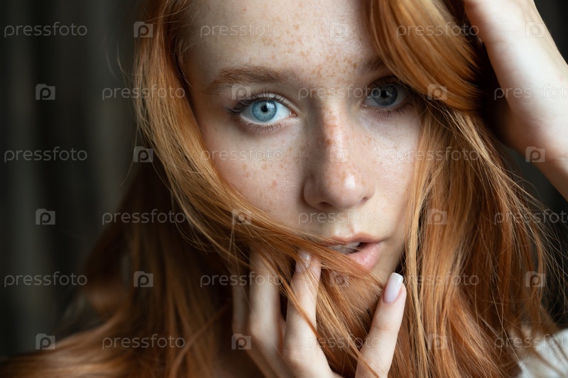 Портрет молодой красивой женщины с рыжими волосами в студии
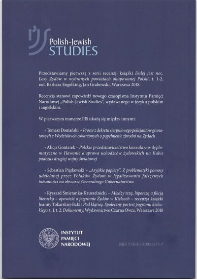 Do „Biuletynu IPN” dołączyliśmy recenzję dr. Tomasza Domańskiego „Korekta obrazu? Refleksje źródłoznawcze wokół książki Dalej jest noc. Losy Żydów w wybranych powiatach okupowanej Polski”. Przedmiotem opracowania jest publikacja Dalej jest noc. Losy Żydów w wybranych powiatach okupowanej Polski (t. 1-2) pod red. Barbary Engelking i Jana Grabowskiego. Artykuł dr. Tomasza Domańskiego jest pierwszym z serii recenzji przygotowywanych przez IPN na temat książki. Powstał w wyniku licznych zapytań osób zainteresowanych tą tematyką skierowanych do IPN. Recenzja „Korekta obrazu?” stanowi jednocześnie zapowiedź nowego czasopisma IPN „Polish-Jewish Studies”.
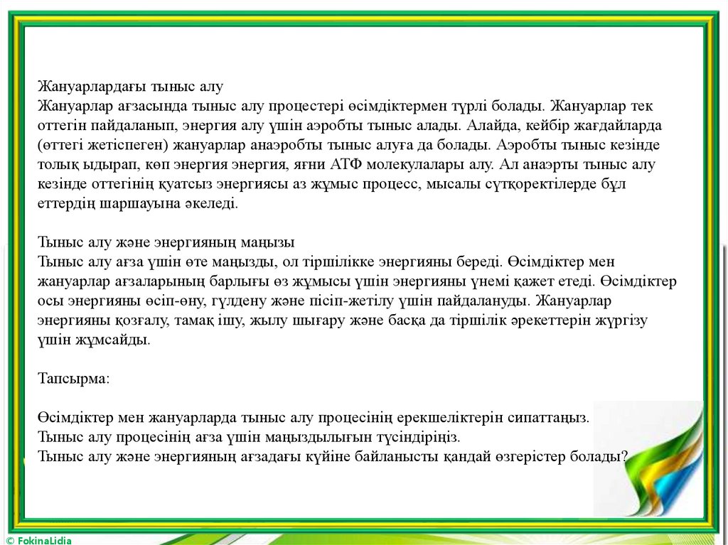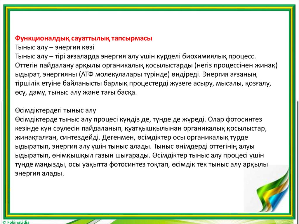 Функционалдық сауаттылық тапсырмасыТыныс алу – энергия көзі
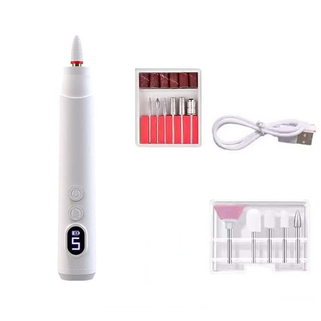 ネイルマシン ネイルドリル ネイルケア USB 充電式 電動ネイルマシン コードレス 無線 正逆回転 LEDライト付き ネイルケア 5段階回転速度調節 バッテリー残量表示 振動低減 ネイルケアマシン ネイルオフ ネイルファイル ネイル削り 角質除去マシン 爪磨き カット 甘皮処理 12種類のビットセット付き(ホワイト)
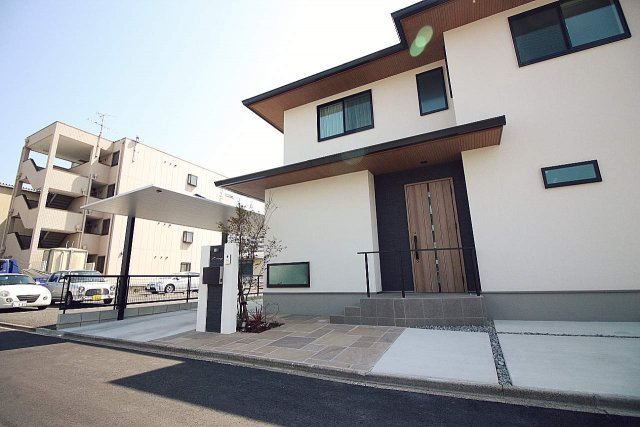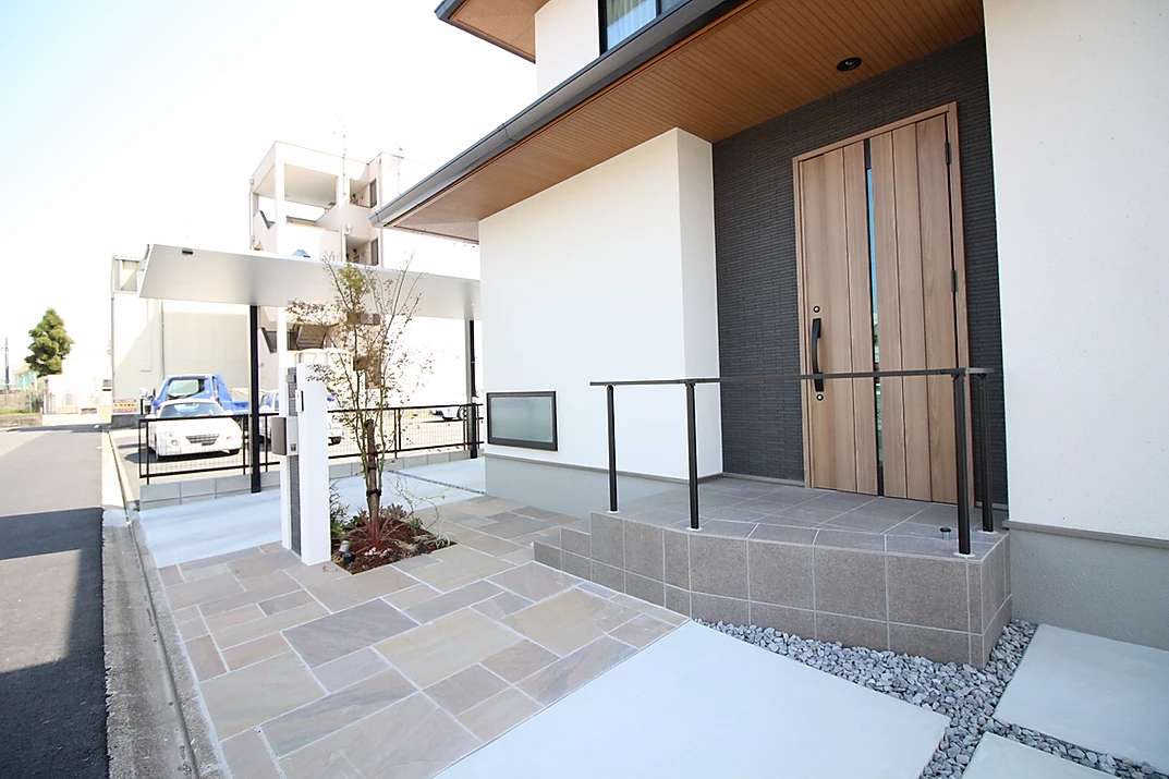 天然石のアプローチとカーポートが特徴なモダンなタイプの新築外構現場です。
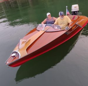 This boat was salvaged from a house fire late in the 20th century and acquired by AristoCraft boats. They stored it for a number of years and then restored it around 2014. In 2016 a new Tohatsu engine was fitted to the boat along with a classic Johnson cowling.
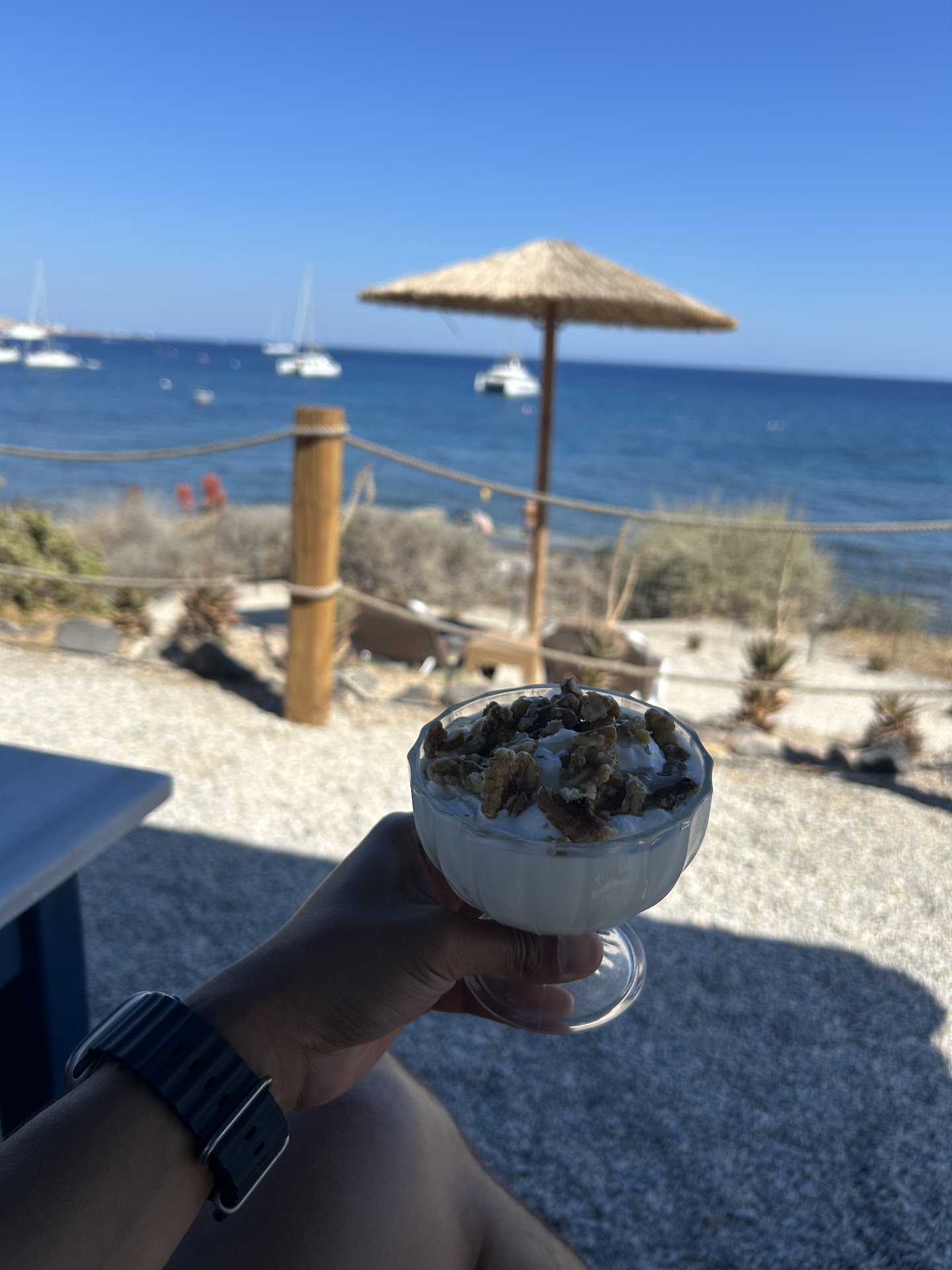 A charming beach styled restaurant at a superb place. They have plenty of parking and are located very close to red beach which is easy to find. They also have an extra sitting just by the sea. Food was good. We tried spinach and feta cheese pie. Both of them were tasty. We also tried their chicken gyros in pita bread and lamb-biff kebab in pitta breads. Their gyros were outstanding. Pitta bread had a crispy texture and was chewy. Their food is cheap, compared to most other restaurants on the island. Gyros/kebab in pitta bread costs only 4 euros, amazing. Restaurant staff were friendly and toilet was also clean. The only thing I did not like is that you have to pay extra for extra sauce on your food. We have been there twice in our 5...

════

◆ Exercise ◆
Set down the entries exactly as they appear, with every picture left out.

◆ Solution for this exercise ◆
 Портрет молодой красивой женщины с рыжими волосами в студии
 Do „Biuletynu IPN” dołączyliśmy recenzję dr. Tomasza Domańskiego „Korekta obrazu? Refleksje źródłoznawcze wokół książki Dalej jest noc. Losy Żydów w wybranych powiatach okupowanej Polski”. Przedmiotem opracowania jest publikacja Dalej jest noc. Losy Żydów w wybranych powiatach okupowanej Polski (t. 1-2) pod red. Barbary Engelking i Jana Grabowskiego. Artykuł dr. Tomasza Domańskiego jest pierwszym z serii recenzji przygotowywanych przez IPN na temat książki. Powstał w wyniku licznych zapytań osób zainteresowanych tą tematyką skierowanych do IPN. Recenzja „Korekta obrazu?” stanowi jednocześnie zapowiedź nowego czasopisma IPN „Polish-Jewish Studies”.
 Функционалдық сауаттылық тапсырмасыТыныс алу – энергия көзі
 ネイルマシン ネイルドリル ネイルケア USB 充電式 電動ネイルマシン コードレス 無線 正逆回転 LEDライト付き ネイルケア 5段階回転速度調節 バッテリー残量表示 振動低減 ネイルケアマシン ネイルオフ ネイルファイル ネイル削り 角質除去マシン 爪磨き カット 甘皮処理 12種類のビットセット付き(ホワイト)
 天然石のアプローチとカーポートが特徴なモダンなタイプの新築外構現場です。
 This boat was salvaged from a house fire late in the 20th century and acquired by AristoCraft boats. They stored it for a number of years and then restored it around 2014. In 2016 a new Tohatsu engine was fitted to the boat along with a classic Johnson cowling.
 A charming beach styled restaurant at a superb place. They have plenty of parking and are located very close to red beach which is easy to find. They also have an extra sitting just by the sea. Food was good. We tried spinach and feta cheese pie. Both of them were tasty. We also tried their chicken gyros in pita bread and lamb-biff kebab in pitta breads. Their gyros were outstanding. Pitta bread had a crispy texture and was chewy. Their food is cheap, compared to most other restaurants on the island. Gyros/kebab in pitta bread costs only 4 euros, amazing. Restaurant staff were friendly and toilet was also clean. The only thing I did not like is that you have to pay extra for extra sauce on your food. We have been there twice in our 5...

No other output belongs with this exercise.